Reviewed by Ian Lipke
Hitler’s Northern Utopia addresses a hitherto unresearched aspect of the already extensive literature on Nazism, and that is architecture in a distant place like Norway. A decided paucity of exposure in the literature is undoubtedly due to a lack of specific knowledge among the relatively small number of mainstream historians whose bent is architecture. While reading Stratigakos, I was struck by the avid attention to details that would have required an expert eye to see, and an acute mind to sort through. This researcher hunts for, and finds, issues that others have failed to see.
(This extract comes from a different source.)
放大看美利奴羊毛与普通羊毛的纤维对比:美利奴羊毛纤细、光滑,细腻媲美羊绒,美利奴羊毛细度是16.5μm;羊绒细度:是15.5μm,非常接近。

It is not to be argued that Germany under Hitler saw Norway as less important than other areas of Europe. Hitler’s appetite for conquest and glory was insatiable. The idea of a northern state under Nazi control awakened the mythology of the Vikings and the plunderer-conquerors of so long ago. Norse gods and the mythology of places like Valhalla were not to be resisted. Areas of geographical complexity and great beauty, where human endeavour confronts adverse landscapes and climate, where the human will to succeed is soundly matched by the constant questioning of whether all the pain and effort is worthwhile, a place where Nazism’s ‘supermen could demonstrate their dynamic control even under the harshest of circumstances’, such was a land that attracted Hitler. This is the basis upon which this researcher constructs a thorough, original, and absorbing piece of academic scholarship.
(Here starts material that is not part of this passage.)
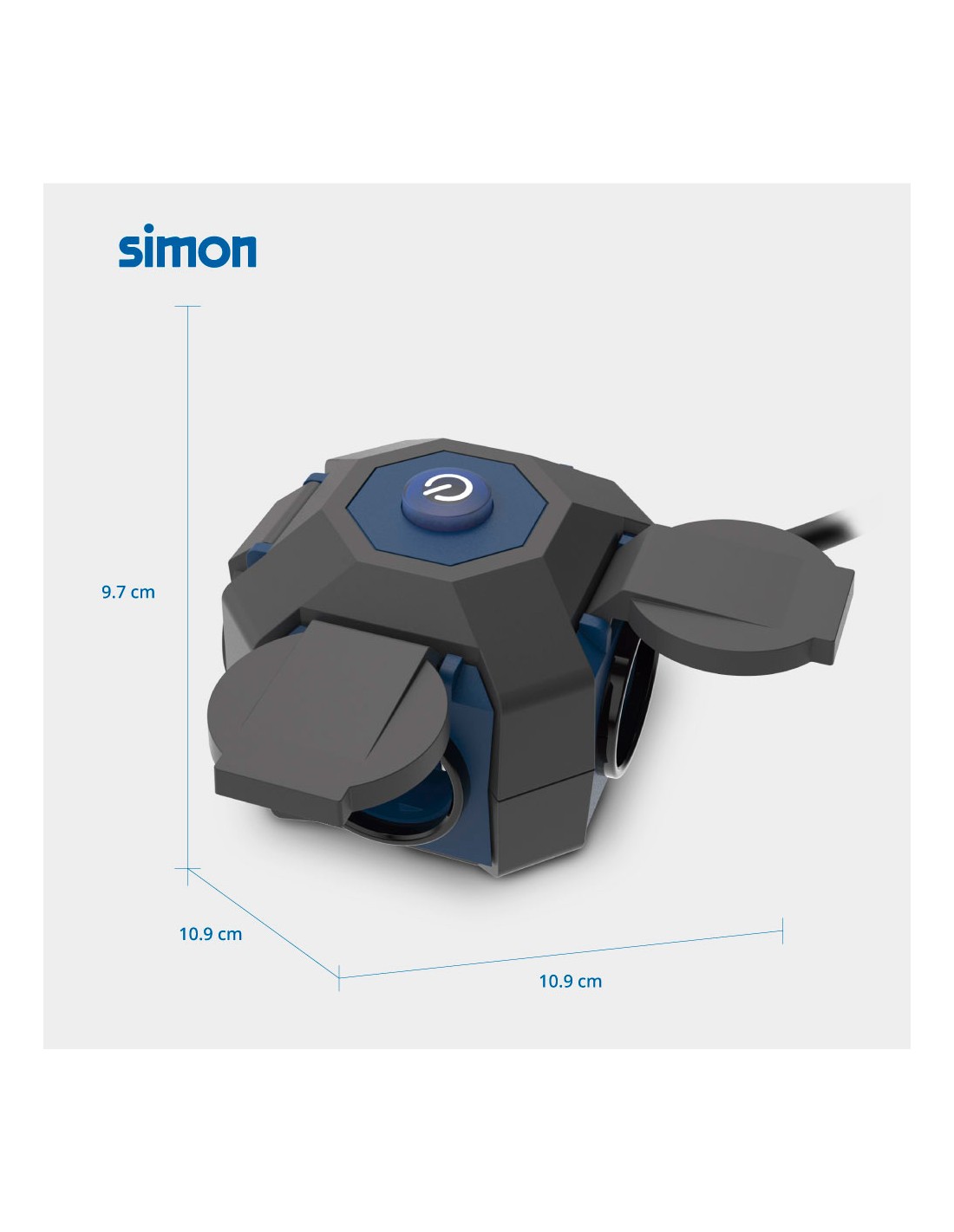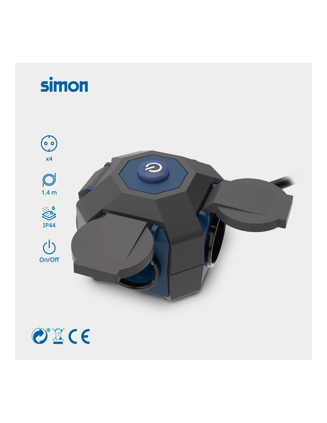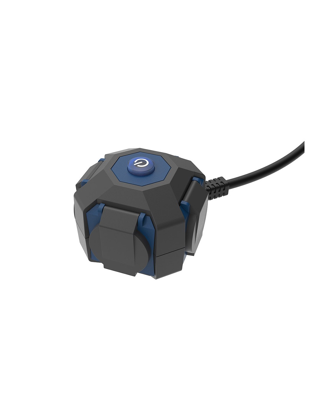 Base múltiple expert 4 tomas schuko, con tapas, con interruptor, ip44, 1,5 m de cable h07rn-f 3g1,5 mm, 16a 230v~, máx. 3680 w, orificio para uso con trípode, imán y gancho para colgar negro/azul. 109 x 109 x 97 mm - ø116 mm

Stratigakos reveals that much of the original constructions, the buildings and the infrastructure, that are accepted Nazi workmanship, is not easy to find. However, the author devotes attention specifically to these areas, and provides reasons why much of the original work has disappeared. The assumptions that the conquered Norwegian people would welcome German invaders, and that they would accept mass murder and exploitation of human competencies as normal human behaviour, perhaps explain why so much German construction is not to be found or why there are no longer prominent, German-built, landmarks. Stratigakos’s working out of these hypotheses into acceptable conclusions makes fascinating reading.
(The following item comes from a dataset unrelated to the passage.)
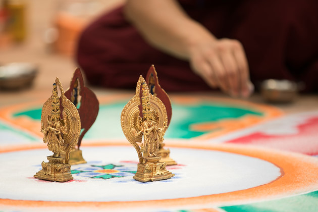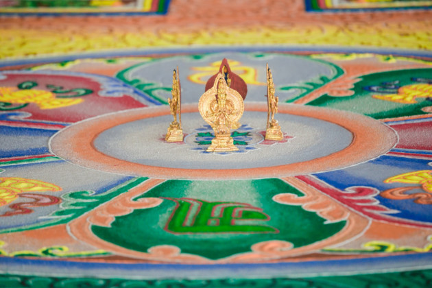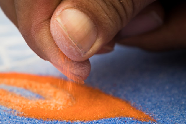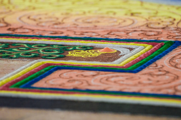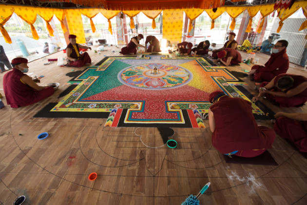 | 불교 금강승의 예술 형식중에서 모래 그림이 독창성 및 정밀도에서 선두를 달린다. |

Apart from the construction and significance of architecture and infrastructure projects that occupy much of the book, there is a more than adequate treatment of Speer and Hitler’s half-baked conception of Norway as a northern wing of an all-encompassing, post-war Germanic empire. The union of Nordic and German blood occupies a significant proportion of the middle to late chapters where German fantasy-making among the upper echelons of the Nazi movement is revealed.
In the military and civilian building projects explored in this book, we see the German occupiers taking root in Norway and creating a space for themselves as rulers of a Nordic empire that stretched beyond the Arctic Circle. Alongside this physical appropriation, we also witness the imaginary construction of Norway as a place that belonged to the invading Nazis, who sought to naturalize themselves as the saviours and rightful inhabitants of this northern land (6-7).
The conclusion can only be that Norway was more than a fortress; it was an acquisition to become a new home after the war was won. Norway was to be treated differently than other conquered lands.
Norwegians were to be convinced rather than compelled—steered gently toward the glorious National Socialist future that they did not yet realize they wanted…Creating the physical conditions for a National Socialist revolution in Norway would thus involve developing novel forms and types of architecture in response to native landscapes and traditions. This more subtle approach was expected to be powerful and effective not despite but by virtue of these adaptations (8).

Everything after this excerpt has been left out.